What makes this proof remarkable is, since the proof is basically just a single application of Zorn’s lemma, it is extremely non-constructive. Given a filter, we can extend it to an ultrafilter, but this ultrafilter is not even remotely unique, and impossible to describe! Despite this, and the fact that the choice of ultrafilter does impact the resulting ultraproduct, the details of the ultrafilter chosen are completely irrelevant most of the time. Usually it just matters that a non-principal ultrafilter exists. As we will see shortly, every non-principal ultrafilter contains the cofinite sets, which is usually all we need.

4.5. Some quick useful lemmas

There are some facts about non-principal ultrafilters that are very easy to state and prove, but will come in handy.

First, if an ultrafilter contains a singleton set, then it must be principal. Suppose \(\{x\} \in U\). Then certainly every set containing \(x\) is in \(U\). Conversely, let \(X \in U\). If \(x \notin X\), then \(x \in I \setminus X\), so \(X\) and \(I \setminus X\) are in \(U\), hence \(X \cap I \setminus X = \emptyset \in U\), a contradiction.

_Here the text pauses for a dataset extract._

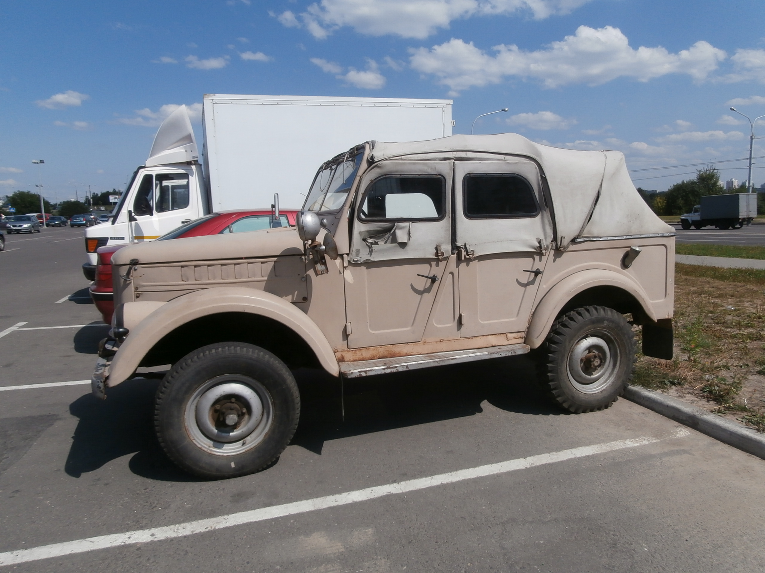 UAZ-69, licence plate K 96 54 MI, parked at Gippo ul. Yanki Luchiny - Igumenskiy Trakt, Minsk 24 July 2014

Furthermore, if an ultrafilter contains a finite set, then it must be principal. Suppose \(U\) contains \(\{x_1, \dots, x_n\}\), and suppose \(n\) is the smallest cardinality of \(U\)’s members. Then consider \(\{x_1\}\). Since \(U\) is an ultrafilter, either \(\{x_1\} \in U\) and hence \(U\) is principal by the previous lemma, or \(I \setminus \{x_1\} \in U\). In the latter case, if \(n > 1\), then \(\{x_2, \dots, x_n\} = I \setminus \{x_1\} \cap \{x_1, \dots, x_n\} \in U\) is a smaller finite set contained in \(U\) contradicting the minimality of \(n\).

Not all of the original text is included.